Marty Duren

A book. A song. And some words. 08.21

To keep a writing rhythm, I’m starting a new monthly feature bearing the title of this post. With simplicity as the goal—so I can finish something—I’ll write about one book I am reading or have recently finished, one song I have had on repeat, and a few words on whatever subject is top of mind.

A book.

I recently started reading Adam Higginbotham’s NYT bestselling Midnight in Chernobyl: The Untold Story of the World’s Greatest Nuclear Disaster. Passing over my consternation over the word greatest rather than worst in the title, this masterwork was a nonfiction finalist for an Andrew Carnegie Medal and named to the 10 Best Books of 2019 by the NYT Book Review. I’ve had it on my to-read list since watching HBO’s Chernobyl mini-series for the third or fourth time. It’s my current weekend read.

Midnight is a devastatingly thorough history of the April 1986 disaster at the Chernobyl Nuclear Power Plant in Pripyat, Ukraine (then part of the Soviet Union) in the context of the overall failure of the Soviets to development a safe nuclear program.

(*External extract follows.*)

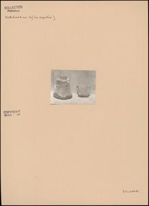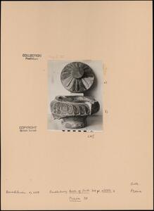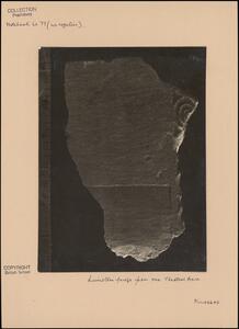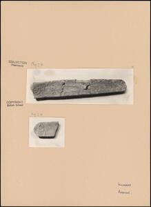 Photograph of 2 small stone pieces, one carved, from Knossos, mounted onto a sheet of paper
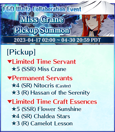 The following will also be ongoing for a limited time: - Fate/Grand Order Waltz in the MOONLIGHT/LOSTROOM×Fate/Grand Order Collaboration Event "Bedazzled! Grail Concert! Crane Returns an Idol's Favor" - FGO Waltz Collaboration Event Pickup 2 Summon" - Fate/Grand Order Waltz in the MOONLIGHT/LOSTROOM×Fate/Grand Order Collaboration Event Pre-Release Campaign - FGO Waltz Collaboration Event Pre-Release Pickup Summon For more information, please see the article linked below.

Unlike the mini-series, the book presents the players as mostly competent and, though deceptive to the outside world, they actively, quickly, and smartly addressing the disaster. While they did not always have what they needed, they usually knew what they needed, and were often able to come up with solutions.

It is also interesting to see how the history differs from the TV production. Midnight in Chernobyl is very well written, eliciting sympathy for most of the ones involved and insight into the cost-cutting and rule-bending that created the conditions for the disaster.

A song.

My kids have introduced me to at least as much music since their teen years than I ever did before then, and though we are not active musicians, we all enjoy music a lot.

My youngest accidentally introduced me to After the Fall, by Kodaline (it was added to my iTunes account when we were sharing and it is still there). It’s a Coldplay-esque tune, with a lot of piano, driving beat, and catchy vibe.

It is tune about life and losing love with a nod to time being on your side in relationships, at least “that’s what people tell you.” I listen to it on repeat all the time.

And some words.

Writing is often trying to get on paper or screen words that will hardly come to mind. It is reading the fruit of your labor and deeming it rotten. Over and over. It is type, delete, or write, erase. Over and over. It is looking for ways to make two words replace three or four, deciding a sentence that seemed to flow really just rambles, and why a paragraph that makes decent sense is in the wrong place.

I imagine there are writers for whom the words flow like water from an open hydrant, but I am not that writer. Usually. Though I have had the experience of laboring over a piece for days or weeks making little progress, then something not-half-bad and totally unrelated streams out one morning in thirty minutes.

Writing. It is the best of times and it is the worst of times. All the time.